Military Assessment of the Russian War in Ukraine: Testimony To Senate Armed Services Committee

Military Assessment of the Russian War in Ukraine

Stephen Blank

Senior Fellow American Foreign Policy Council

Testimony Presented to the Senate Armed Services Committee, March 4, 2015

Ukraine needs military help from abroad in terms of weapons, training, and finances to help sustain its government and economy in the face of Russian aggression. As a conference of the Potomac Institute, US analysts and Ukrainian military leaders reported, the Ukrainian military continues to be severely disadvantaged by not being equipped with a list of the items that are becoming well known to those watching the current situation in eastern Ukraine: secure communications systems; anti-tank guided weapons with tandem warheads; counter-battery radars; UAVs for both reconnaissance and strike missions; and the ability to stream multiple intelligence sources into centralized command centers to get inside the ‘decision loop’ of the Russian-backed forces.

Therefore it needs and has requested these capabilities, secure communications equipment, counter-mortar or counter battery weapons, anti-air, and anti-tank weapons and missiles. Ukraine also clearly needs UAVs or weapons to use against Russian drones. It also needs weapons to counter Russian artillery fire by the use of intelligence capabilities to determine the source and point of origin of those fires and then take them out. Ukraine also needs to devise an effective, democratic command and control structure that allows competent officers to rise to positions of responsible command, to train proficient officers whom men will follow and who understand modern warfare, and create a basis for integrating volunteers into a regular army commanded and led by proficient officers committed to democracy. In American terms it needs both an Edwin Stanton and a George Marshall. It also needs to sustain patriotic morale to counter manifestations of draft dodging and to demonstrate to the world that it is reforming. Right now it needs weapons as outlined above urgently as well as financial assistance and a long-term plan of both energy and financial assistance and steady support for (as well as pressure from outside) to reform its government and economy.

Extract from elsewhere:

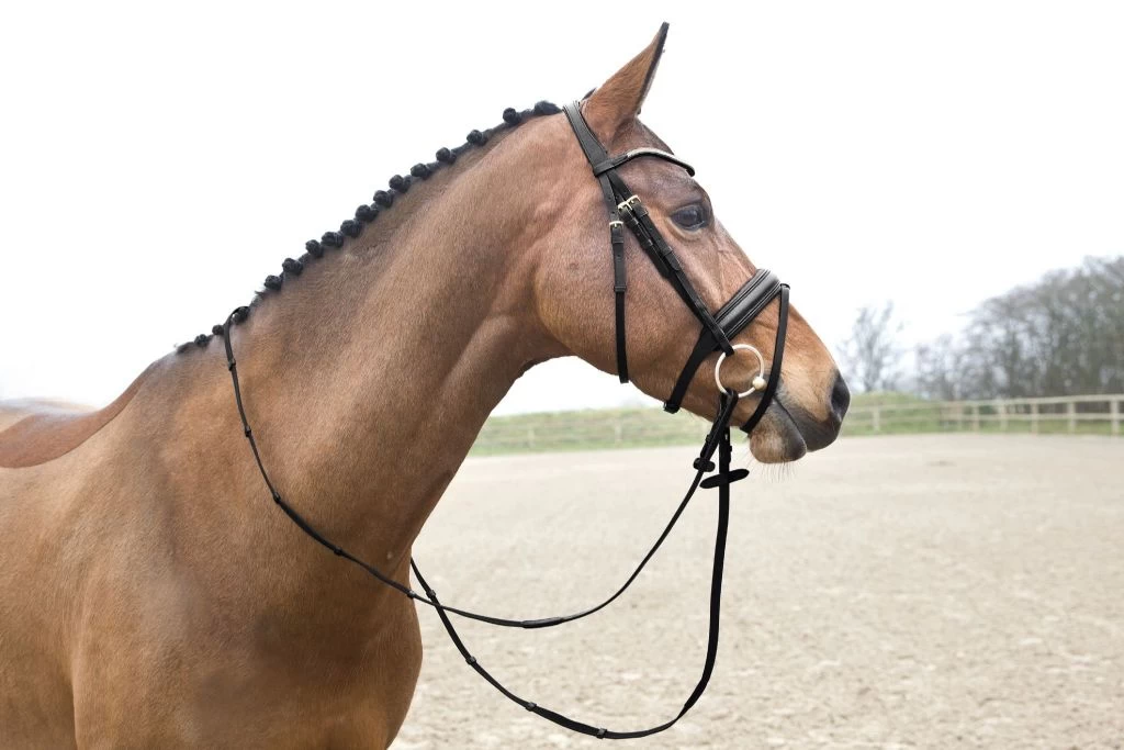 The careful craftsmanship of this sophisticated Horze Lester Snaffle Bridle is evident in the lovely attention to detail, including the ergonomically-shaped crown. These fine details will accentuate your horse’s head. The U-shaped brow band is adorned in stunning crystals and a delicate piping adds subtle decoration to the noseband with detachable flash. The anti-slip reins intertwined with rubber provide a secure grip for the serious rider.

At the same time, there is little doubt that the White House and the NSC are holding up sending weapons to Ukraine at this point. But whatever their reasons are, there is little doubt that the Ukrainian army will fight and with assistance can prevail over the rebels as long as Russia cannot operate freely there. Indeed, the fighting to date shows that only with substantial Russian help and the takeover of the operation by the Russian army can the so-called rebels prevail in battle. If anything, this key fact justifies the provision of weapons and training to Ukraine as part of a broader strategy to wrest the strategic initiative away from Russia and give it to Ukraine and NATO.

The signs of this dependence on the Russian Army are evident everywhere. According to the IHS consultancy firm, Ukrainian authorities, and the Potomac Institute There are currently 14,400 Russian troops on Ukrainian territory backing up the 29,300 illegally armed formations of separatists in eastern Ukraine. These units are well equipped with the latest main battle tanks, armored personnel carriers and infantry fighting vehicles, plus hundreds of pieces of tube and rocket artillery. There are also 29,400 Russian troops in Crimea and 55,800 massed along the border with eastern Ukraine.

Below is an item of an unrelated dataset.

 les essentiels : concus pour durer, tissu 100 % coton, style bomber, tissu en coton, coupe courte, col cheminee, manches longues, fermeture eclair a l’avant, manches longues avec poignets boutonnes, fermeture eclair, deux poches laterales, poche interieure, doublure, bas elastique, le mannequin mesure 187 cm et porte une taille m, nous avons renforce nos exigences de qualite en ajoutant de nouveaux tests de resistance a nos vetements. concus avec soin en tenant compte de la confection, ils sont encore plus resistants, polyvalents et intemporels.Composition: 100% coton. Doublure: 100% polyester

– Russian units have made heavy use of electronic warfare (EW) and what appear to be high-power microwave (HPM) systems to jam not only the communications and reconnaissance assets of the Ukrainian armed forces but to also disable the surveillance unmanned aerial vehicles (UAVs) operated by ceasefire monitoring teams from the Organization for Security and Co-operation in Europe (OSCE). Russian EW teams have targeted the Schiebel Camcopter UAVs operated by the monitors and “melted the onboard electronics so that drones just fly around uncontrolled in circles before they crash to the ground”, said one of the briefers at the conference.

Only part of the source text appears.